How to run your own docker interactive workload
This document shows how to run your own docker workload in interactive mode. It will provide a SSH connection to the workload.
To start creating a workload, sign into the AAC web platform.
Permissions
In order to be able to run own docker, you need to request Developer or Admin permissions. Contact support to request for the right permissions.
New Workload
- Click on the Workloads option in the top bar menu.
- Once the workload view is open, click the New Workload button located at the top right.
Select Team
In case the user is assigned to more than one team, a pop window will required to select one of the customer teams to which the user is part of. If there is just one team assigned to the user, it will not be required.
Note: In this case, we have selected Team as AMD Internal.
click the Next button located at the top right.
Configure your own container
The following view show two tabs:
- Docker container: Allows you to configure your own container on the fly.
- Application list: Allows you to select a preconfigured application.
The Docker container view configures the container url, and credentials for private images.
- General information:
- SSH enabled: It determines if workload is either ssh interactive or batch.
- Container url: Docker url.
- Repository Authorization:
- User: User to log in docker repository server.
- Password: Passoword to log in the docker repository server
- Server: Docker repository server. By default docker hub is https://index.docker.io/v1/
In this document we show how to run the interactive mode, so the SSH service is activated and there will be a ssh endpoint to connect.
Fill the container url, the credentials fields are just required when image is private.
Select Input Files
Upload any input file(s) which application will need to run. Click Upload files, and then drag the files into AAC, or click Browse files to open the open file dialog window. Here uploading files is not required, hence click NEXT to proceed.
Request Resources
In the following image, we are able con request the resources we need for our workload.
- Number of GPUs: Number of GPU devices required in the compute resources. It is 1 GPU by default
- Maximum allowed runtime: Request the time the workload will be running until it gets cancelled by the system. It is 1 hour by default. It filters the compute resources with equal or higher maximum runtime.
- Oversubscribe: Select compute resources that allow to share resources in the same GPU. Disabled by default.
- Schedule: Configure workload execution for future. It is configured by using UTC time.
- Telemetry: This enables workload performance track. Showing GPU, CPU, memory, network, IO and other metrics. Telemetry is disabled by default beacuse it could minimal affect to compute performance.
Once workload is launched, user cannot change the total workload time. It has to be configured in the current step.

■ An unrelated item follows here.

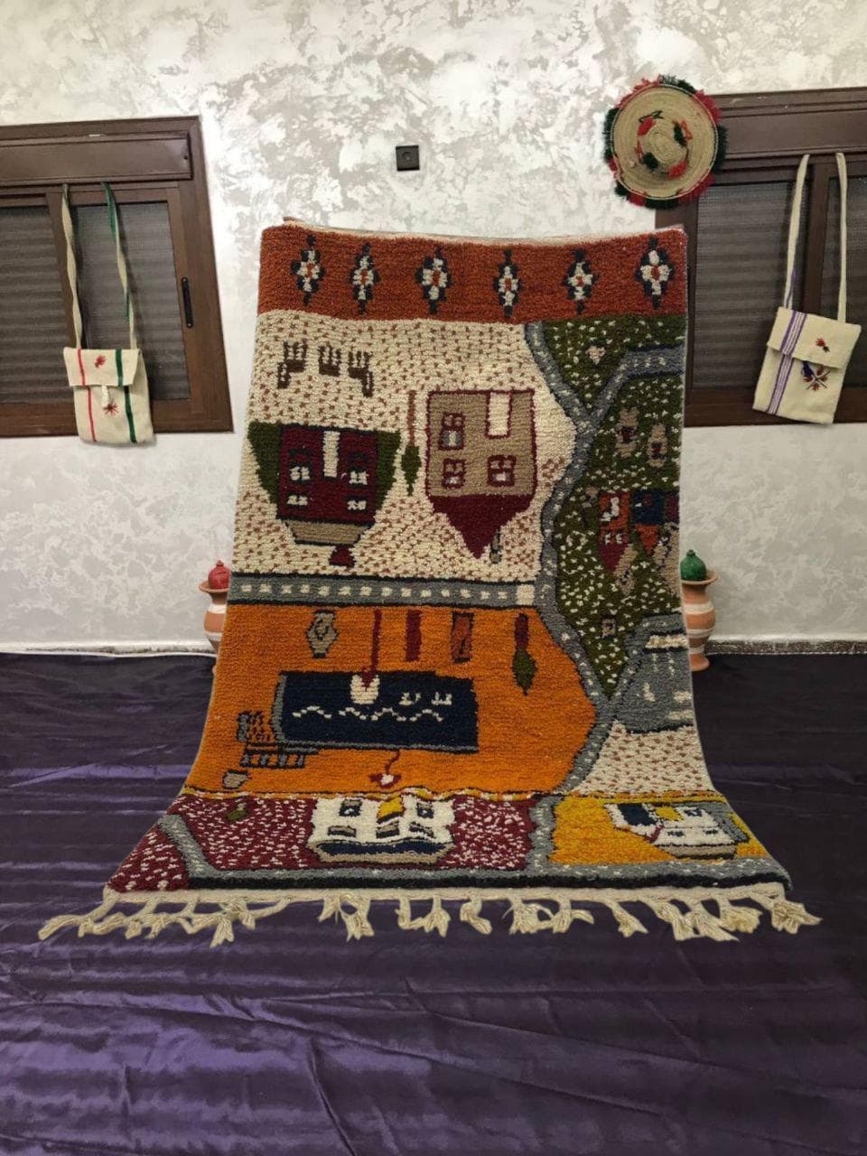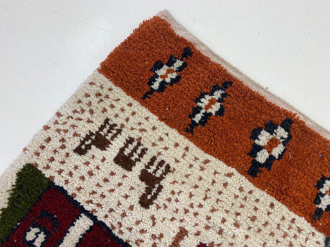 A Moroccan Berber Colorful rug is a traditional handwoven floor covering that originates from the indigenous Berber people of Morocco. These rugs are known for their intricate patterns and bold, geometric designs, which are created using a variety of natural dyes and High-quality Wool. Moroccan boujad rugs are versatile and can be used to add a touch of bohemian chic to any room, from a living room or bedroom to a home office or entryway. They are durable and easy to maintain, making them a practical choice for high-traffic areas. Whether you're looking to add a pop of color to your space or create a warm and welcoming atmosphere, a Moroccan Berber rug is a great choice. 📌 Shipping: insured, trackable, Fast, and FREE Worldwide by FedEx or DHL (2 to 5 days delivery). ❖ Cleaning: all rugs are carefully cleaned before shipping. ❖ Colors: Please take a look at the pictures. ❖ Texture: Moroccan / soft / Shag. ❖ Technique: Hand-Knotted ❖ Construction: Handmade ❖ Location: Indoor Use Only ❖ Material: Your order is made entirely by hand from natural wool, which means there will be natural (and beautiful) variations in pattern and color. Wool shrinks. ❖ Pattern: Because the product is handcrafted, the pattern and Colors may vary slightly from one piece to another. ❖ Size: While we try our best to ensure consistent sizing, it is possible for final sizes to vary by a few inches more or less. ❖ Tassels: One side is the Traditional way of making the rugs. 📌Ships tightly rolled in a protective bag. Any slight creasing will disappear within a few days. Shedding loose fibers is normal with new rugs. Shedding will diminish with regular vacuuming. If you have any questions or queries, please feel free to contact me via messages. bouhemian decor Large Bright Rug,Amazing Berber Rug Multicolored Carpet,artisana Original Multicolor Rug

Click on Next button available on the top right corner.
Select Compute Resources
Select the cluster and queue that are assigned to the team and are available to run the job.
In this case, an resource queue with MI250 is available, so we select it by click over it.
Click on Next button available on the top right corner.
Review Workload Submission
Review Workload Submission. Review the information that has entered for this workload. If any change is needed, it can be changed by clicking Change button in the appropriate sections to make revisions.
Click on 'Run Workload.
Monitor Workload
Each workload goes through several different states after it is submitted -
- Created – The workload has been created in the system.
- Sent – The workload has been sent to the queue that you selected in the workload submission process.
- Pending – The workload is in a waiting state in the queue.
- Running – The workload has started running in the selected queue.
- Finished – The interactive workload has been stopped by the user.
- Failed – A problem has occurred which has prevented the workload from completing successfully.
- Cancelled – The workload has been canceled by the system (maximum runtime exceeded).
SSH connection
Once the workload is running, in a few minutes, the interactive endpoints will appear on the right corner. It can take more time in case the image need to be pulled to the node.
Click on Connect button, it will open a small window with the ssh connection details and also the password.
Logs
The user can check the system, stdout and stderr logs by clicking on respective tabs.
- View SysLog - Information about the workload throughout the entire process.
- View Stdout - Standard output that presents the output of a workload and sometimes includes the results of the workload.
- View Stderr - Standard Error that helps you understand why you may have encountered certain issues during the process.